Many marketing teams use data to chase leads on their own, but often that data comes from stale lists that don’t always reflect real-time information. In fact, one CSO Insight study reported that 42% of sales reps feel they don’t have the right information before making a call, and another study found that 35% of those surveyed said the biggest barrier to lead generation success is the lack of quality data.

SearchCRM site editor Tim Ehrens notes that using poor data can affect sales:

“Customer data management often falls to the bottom of the priority list. Organizations get bogged down with more pressing issues, such as cutting costs or keeping daily operations running. But relying on poor-quality customer data almost always frustrates customers — and many of them take their business elsewhere.”

Compiling high-quality prospect lists using web data, on the other hand, can help businesses deliver campaigns directed at more qualified leads, which can turn users into buyers. This process can be especially time-consuming to do by hand. Instead, you could simply scrape leads from the online directory of your industry trade organization and use that data to proactively reach out to potential prospects.

You can also use data to improve how you appear on search engines, generating leads through a boost in organic traffic. Using data markups, you could index your content in such a way that gives users a better chance of finding you.

Kissmetrics explains it this way:

“[The markup] tells the search engine what that content means. For example, let’s say the word “Neil Patel” appears on an article. The search engine sees this, and produces a SERP entry with “Neil Patel.” However, if I put the right schema markup around the name ‘Neil Patel,’ I’ve just told that search engine that ‘Neil Patel’ is the author of the article, not just a couple random words. The search engine then provides results that display better information for the user who was searching for ‘Neil Patel.’”

By using web data to define who you are as a company and better understand your customers, you can improve your advertising efforts and your ability to be found in ways that automatically set you apart from the competition.
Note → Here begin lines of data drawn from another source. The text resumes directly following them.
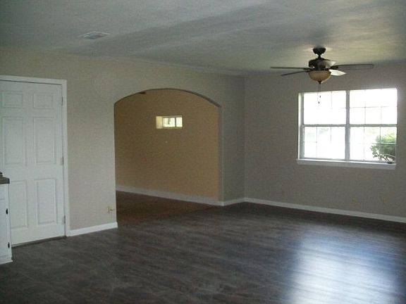 HOME FRESHLY RENOVATIED!! Fresh paint, new ceiling fans, lights, faucets, doors, flooring, tile counter top and more. Open the door to a freshly painted open living area with arched doorway to family room. This home has three or four bedrooms and two baths. There is a small room for workouts, playroom or what ever you want. Large back porch across back of home. GREAT FOR COOKOUTS!! Privacy fenced backyard with storage shed. A MUST SEE!!
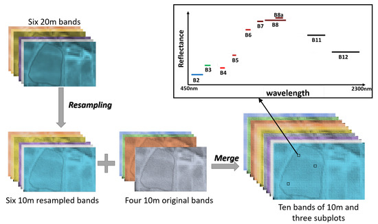 Flowchart of the resampling and the merge of S2 bands used in this study. Example for an image with only one vine plot with three subplots. This method as been used for the 38 images and the 103 subplot.
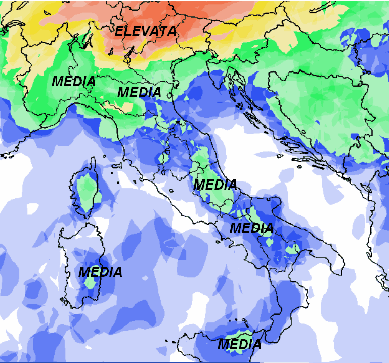 Probabilità di temporali ELEVATA sull’arco alpino centro-orientale e pianure sottostanti; MEDIA sul resto del settentrione, alta Toscana, zone interne del centro-sud e della Sicilia, unitamente alla Sardegna interna. Su tutte le altre regioni la probabilità di temporali sarà BASSA o NULLA.
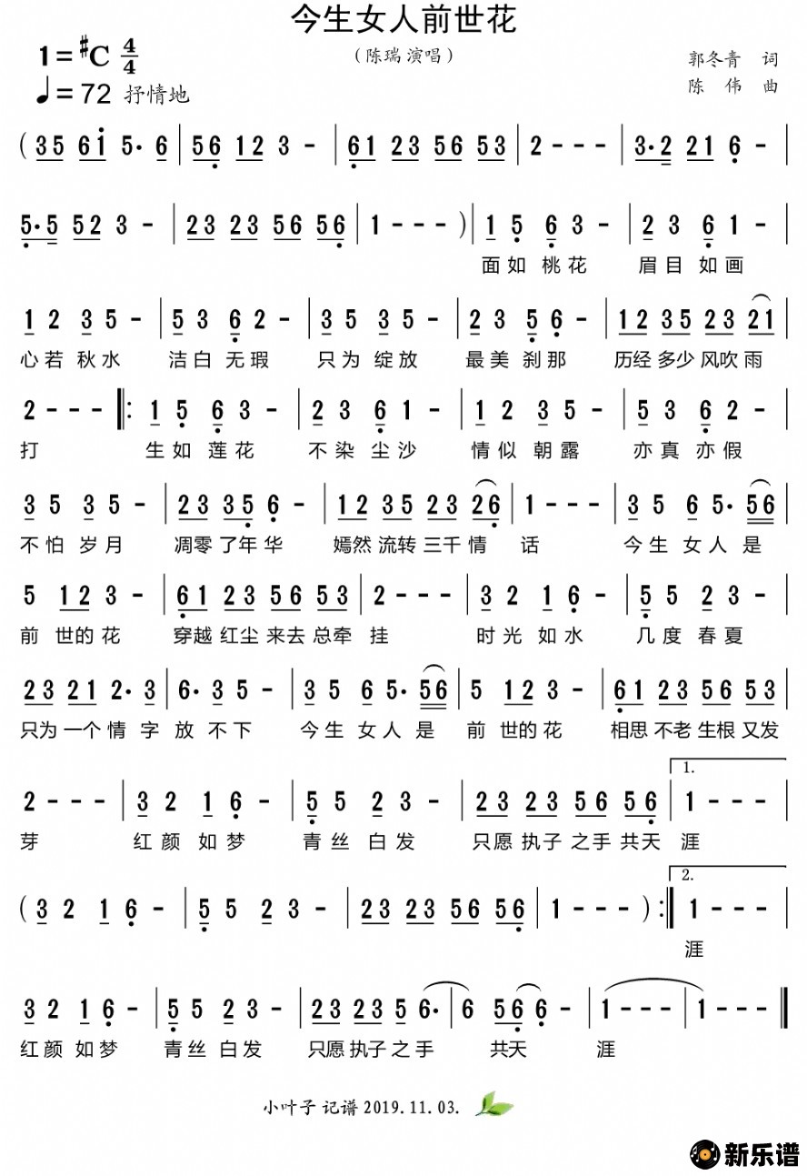 《今生女人前世花》简谱 陈瑞-小叶子制谱
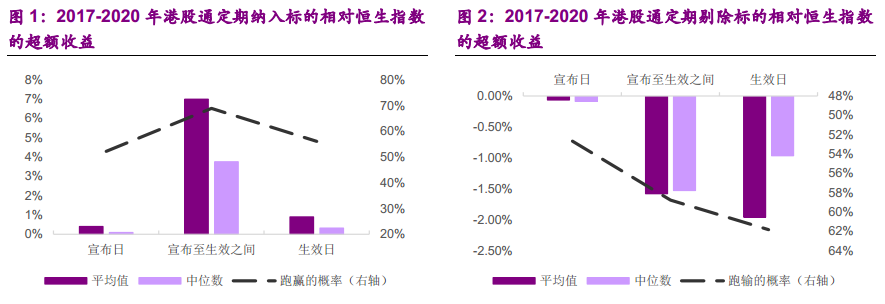 通过2017年至2020年港股通数据统计来看,自恒生公司公布恒生综指新的成分股变化日到正式生效日之间,新纳入的公司跑赢恒指获得超额收益的概率为68.89%,平均上涨的幅度为6.99%。
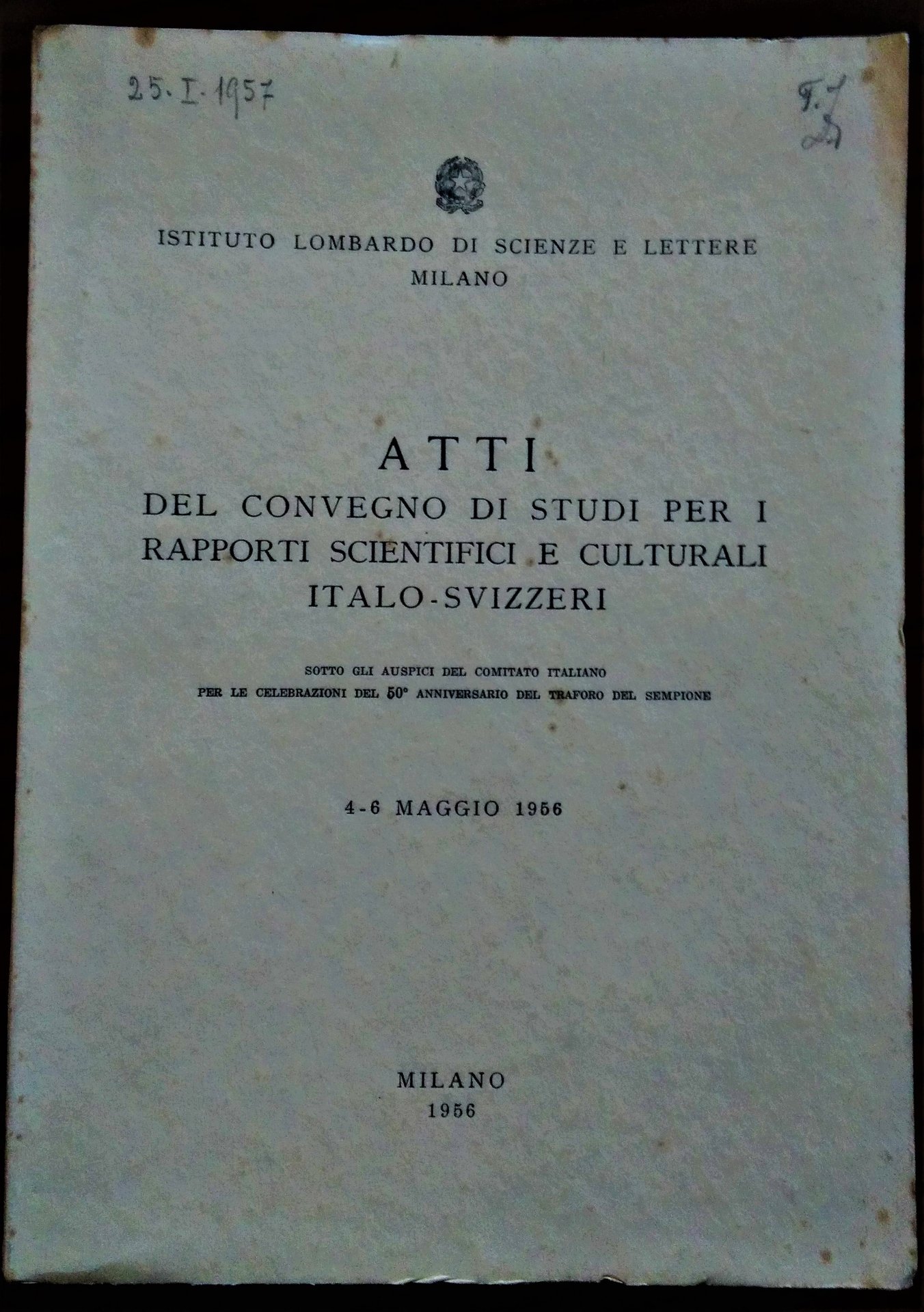 Atti del Convegno di Studi per i Rapporti Scientifici e Culturali Italo-Svizzeri. 4-6 Maggio 1956.

[content_upgrade cu_id=”705″]Here are 5 more insights web data can give you about the competition[content_upgrade_button]Click Here[/content_upgrade_button][/content_upgrade]

Final Thoughts

With the power of the Internet, and the continued growth of data, business leaders looking to propel their business forward will need to better understand their market and their customers.

As more data is generated, the higher the need will be for companies to collect that data quickly and use it to better serve their audience.

As data-innovator Arthur Nielsen once said, “The price of light is less than the cost of darkness.” In short, data impacts your bottom line. If you can find a way to use it to power your business, you will set yourself apart in the market and gain the edge over the competition.